My dad (driving) and Ron (waiting his turn to drive) got the snow blower out and facilitated awesomeness šŸ™‚

Once your grill is ready, carefully transfer the ribs to the grill. This will be tricky because they are so ridiculously tender, but it can be done. Slather both sides with whatever BBQ sauce you prefer and get a little charring going. Alternatively, you could just put the sauce on the ribs and use your broiler. Either works just fine. If you go to this link, you’ll find my recipe for some seriously fantastic sauce, but it has to be made at least a week in advance and it requires a good chunk of the afternoon to make. I used a super simple Dr. Pepper based BBQ sauce for these ribs, the recipe for which I will include along with my wet rib rub.

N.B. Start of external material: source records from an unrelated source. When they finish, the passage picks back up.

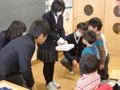 2月4日(水)5時間目に,9年生と1年生がふれあい学習を行いました。9年生が家庭科の時間に作ったしかけ絵本の読み聞かせをしました。しりとり絵本や影絵絵本など楽しいしかけがいっぱいの絵本に子どもたちは大興奮。絵本の読み聞かせが終わると,段ボールや廃材などを使って作ったエコおもちゃで遊びました。1年生と9年生が一緒に遊ぶ姿は微笑ましいものでした。
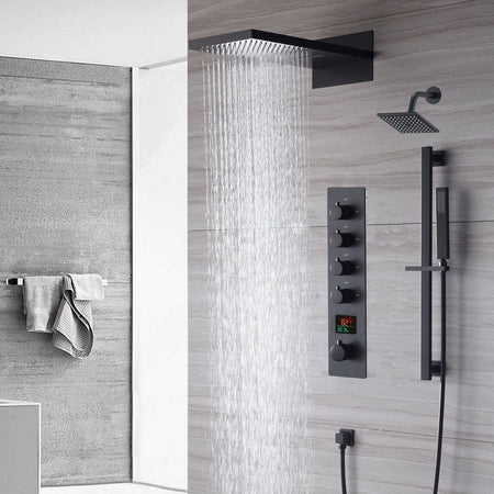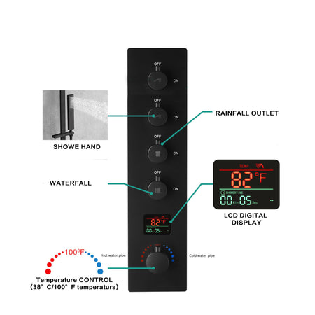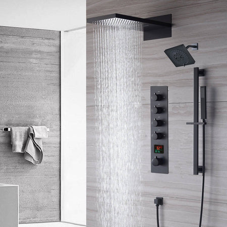 This 4-way matte black thermostatic shower system offers an all-in-one solution for a luxurious and safe shower experience. With its LED rainfall and waterfall shower head,6 inch regular head, adjustable water flow and temperature, and chic matte black finish, it brings contemporary elegance and high functionality to your bathroom.
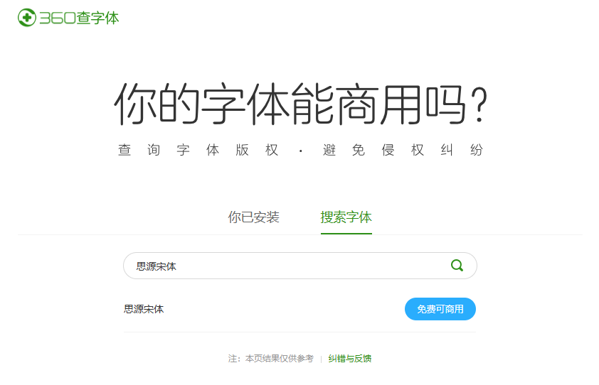 我们我们也可以搜索字体,将字体的名字输入查询,看这款字体是免费可商用还是需要授权。但是我发现360查字体这款工具字库并不是齐全的。很多字体不能查到,所以我们有些字体还需要手工查询。我们可以到这款字体的官方网站查询这款字体的授权级别。
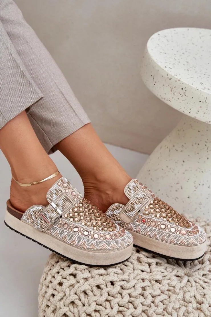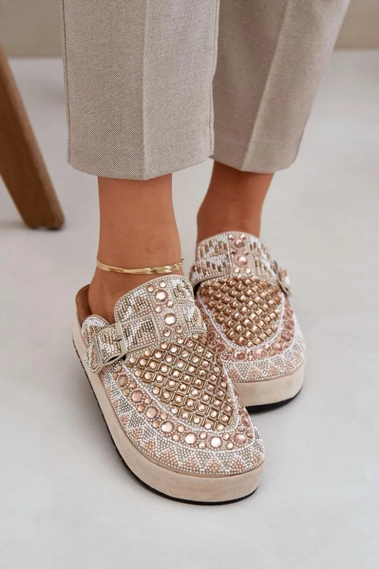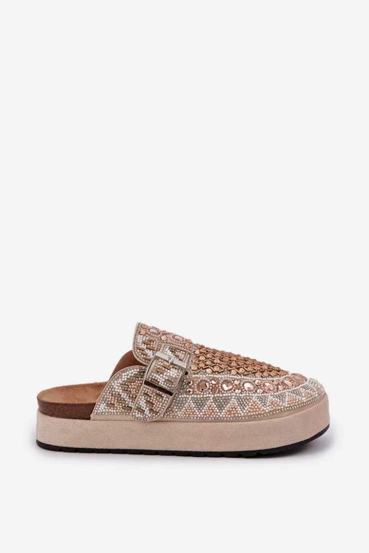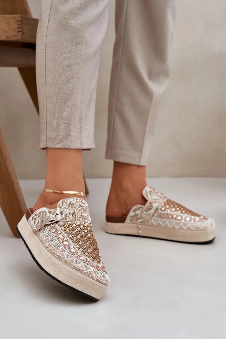 Damskie Boto Zdobione Klapki Na Platformie Beżowe Terfitra
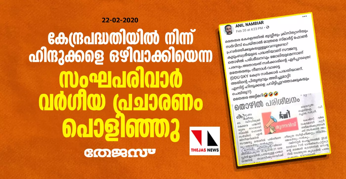 'മതേതര കേരളത്തില് മുസ് ലിമും ക്രിസ്ത്യാനിയും സര്വീസ് ചെയ്താല് മാത്രമെ സ്മാര്ട്ട് ഫോണ് പ്രവര്ത്തിക്കുകയുള്ളൂവെന്നുണ്ടോ?. കുടുംബശ്രീയുടെ പദ്ധതിയാണ് സൗജന്യ തൊഴില് പരിശീലനവും ജോലിയുമെന്നാണ് പരസ്യം. അതായത് സര്ക്കാരിന്റെ ഏര്പാടത്രെ!. മതേതരത്വം നീണാള് വാഴട്ടെ. (DDU GKY കേന്ദ്ര സര്ക്കാര് പദ്ധതിയാണ്. അതിന്റെ പിതൃത്വവും അടിച്ചുമാറ്റി! എന്നിട്ട് ഹിന്ദുക്കളെ ചവിട്ടിപ്പുറത്താക്കുകയും ചെയ്തു!!!). മതേതര അട്ടിമറി'. ഇതായിരുന്നു അനില് നമ്പ്യാരുടെ ഫേസ്ബുക്ക് പോസ്റ്റ്. സംവരണ സീറ്റിലേക്ക് അപേക്ഷ ക്ഷണിച്ച് കൊണ്ടുള്ള പത്ര പരസ്യത്തിന്റെ കട്ടിങ്ങും ഇതോടൊപ്പം ചേര്ത്ത് കൊണ്ടായിരുന്നു നമ്പ്യാരുടെ വര്ഗീയ പ്രചാരണം.
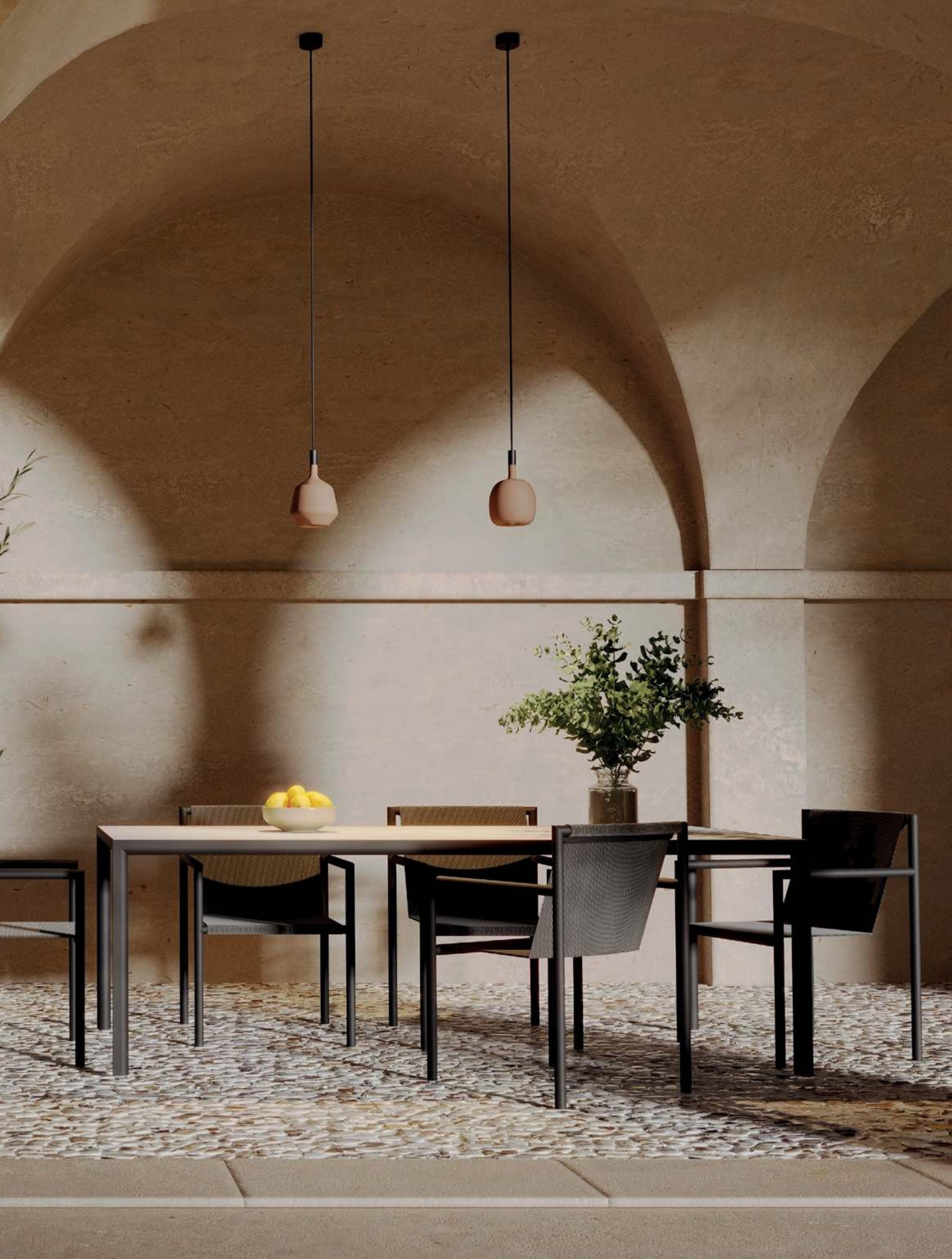 Стилът и естетиката на обстановката ще бъдат облагородени, както от цялостната визия и дизайн на осветителното тяло, така и от вложените в изработката на лампата висококачествени материали, като: бетон в цвят теракота, прозрачно стъкло.
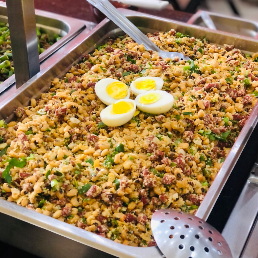 Acompanha: arroz, feijão, macarrão, legumes, farofa e frituras do Dia ( berinjela, batatas etc )(Foto Ilustrativa) 900 gramas de comida
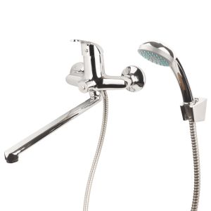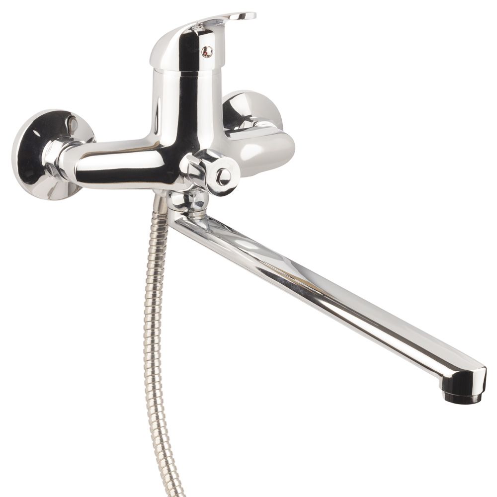 Сучасний одноважільний змішувач для ванни з прямим поворотним виливом довжиною 350 мм і вбудованим картриджним дивертором. Завдяки хромонікелевому покриттю виріб має дзеркальний блиск і надійний захист від корозії. Конструкція забезпечує плавне регулювання потоку та температури води, а поворотний вилив на 360° робить змішувач зручним у використанні.
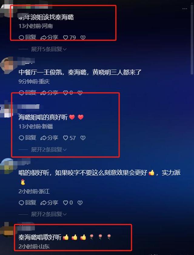 虽然秦海璐没有像杨幂、章子怡、胡军和王俊凯一样,在台上讲话和自我介绍,而是唱了一首《这世界那么多人》。
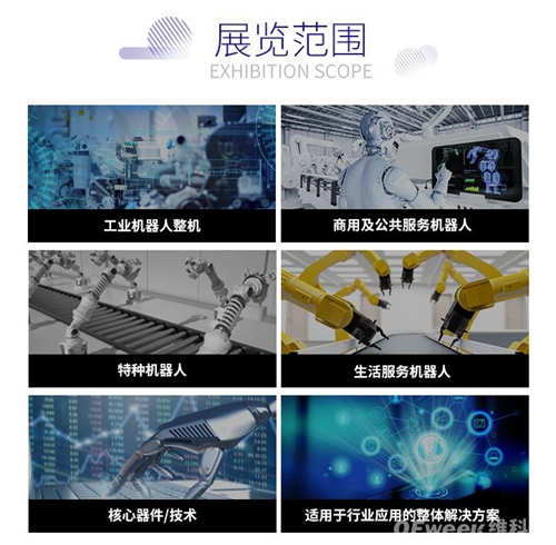 展出范围:协作机器人、焊接机器人、喷涂机器人、码垛机器人、搬运机器人、装配机器人、激光加工机器人、真空机器人、洁净机器人、打磨抛光机器人、多关节机器人、SCARA机器人、Delta机器人、直角坐标型机器人、其他工业机器人等;
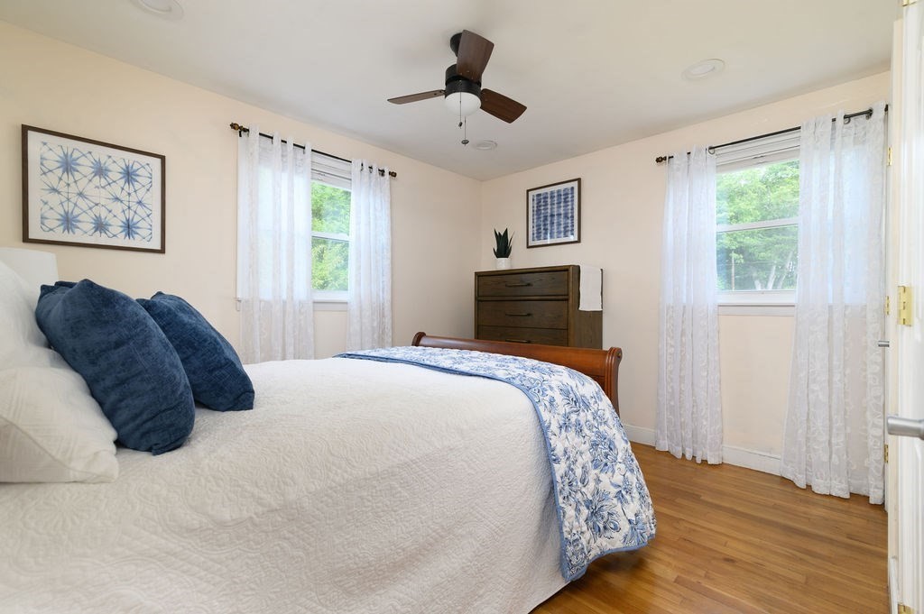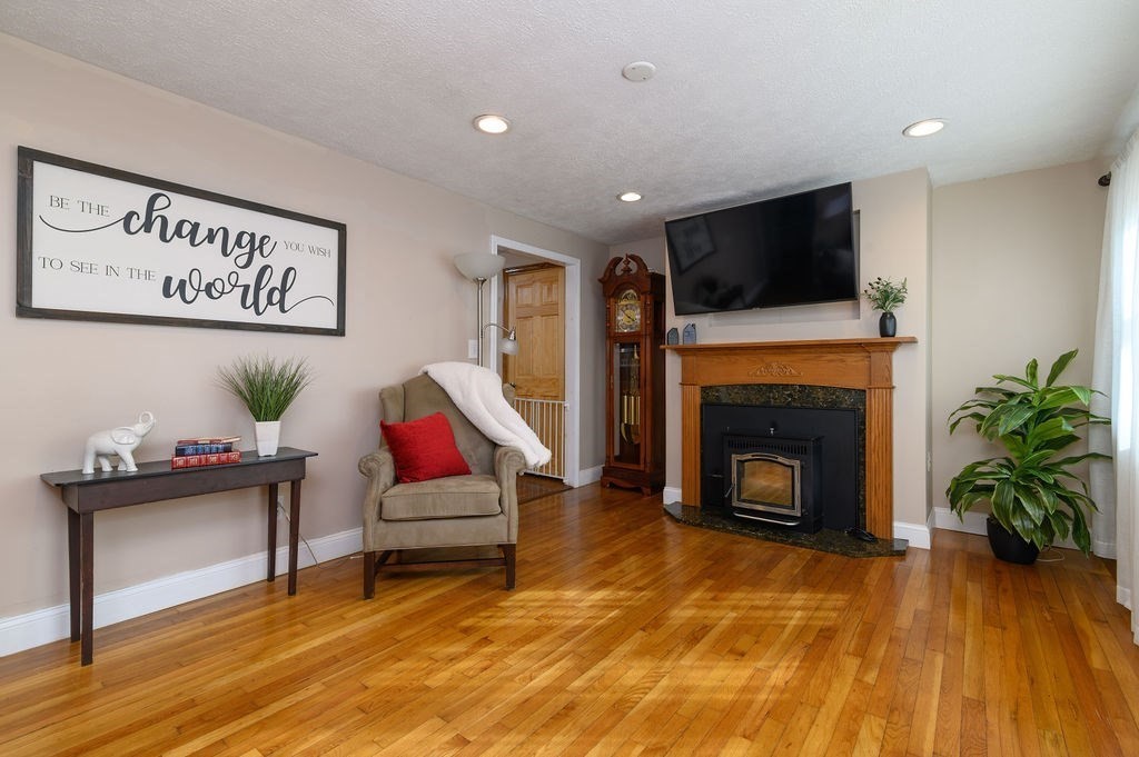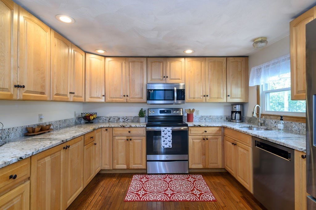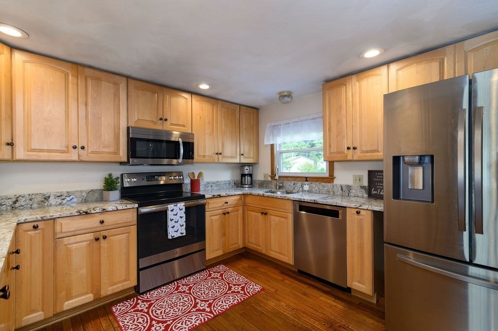 Welcome to this charming ranch home that blissfully blends comfort, efficiency & modern updates. Step inside to find warm wood flooring & not one, but two pellet stoves to keep you cozy during the colder weather. The updated kitchen features sleek granite countertops, stainless steel appliances & plenty of space for cooking. The full basement provides an abundance of storage, along with a workshop area & convenient 1/4 bath—perfect for hobbies or projects. Outside, enjoy a low-maintenance Trex deck, patio & a one-car garage for added convenience. With solar panels, a generator hook-up & efficient systems already in place, this home is ready for whatever the seasons bring. Beautiful neighborhood location with easy access to Rt 3, Derby Street Shoppes, South Shore Hospital & much more! Showings begin at the open house 9/27 from 11:00 - 1:00...Come fall in love & start making blissful memories!

So you’ve rubbed, baked, slathered, and grilled your ribs- you’re ready to eat! You end up with this:

Ribs that will melt in your mouth and feel like velvet on your tongue. I didn’t have to cut any of these ribs apart to make portions; they separated themselves because they were so tender. They are worth every penny for the meat and every minute of prep. And here’s a last little bit of reality for you: I don’t even like ribs.

The Recipe- Wet Rub for Ribs:

3 T Brown Sugar

2 T Salt

1 T Seasoned Salt

1 1/2 t Chili Powder

3 t Paprika

1 1/2 t Cumin

3 t Oregano

3 t Cinnamon

1 Small Onion, Diced Fine

8-10 Cloves Garlic, Minced

2 t Liquid Smoke

The Method:

*Combine all ingredients in a bowl and let sit for 10-15 minutes, or until all ingredients are uniformly wet.

The Recipe- Dr. Pepper BBQ Sauce:

12 oz Dr. Pepper

2 C Ketchup

1 C Brown Sugar

1 1/2 T Worcestershire Sauce

1/2 t Liquid Smoke

1-2 t Kosher Salt (Start with 1 t and add more to taste)

1 t Chili Powder

1 1/2 t Garlic Powder

1/2 t (heaping) Onion Powder

The Method:

*Combine all ingredients in a saucepan and bring to a boil.

*Lower heat and simmer until reduced by about half, stirring frequently.

*Taste for seasoning and adjust accordingly.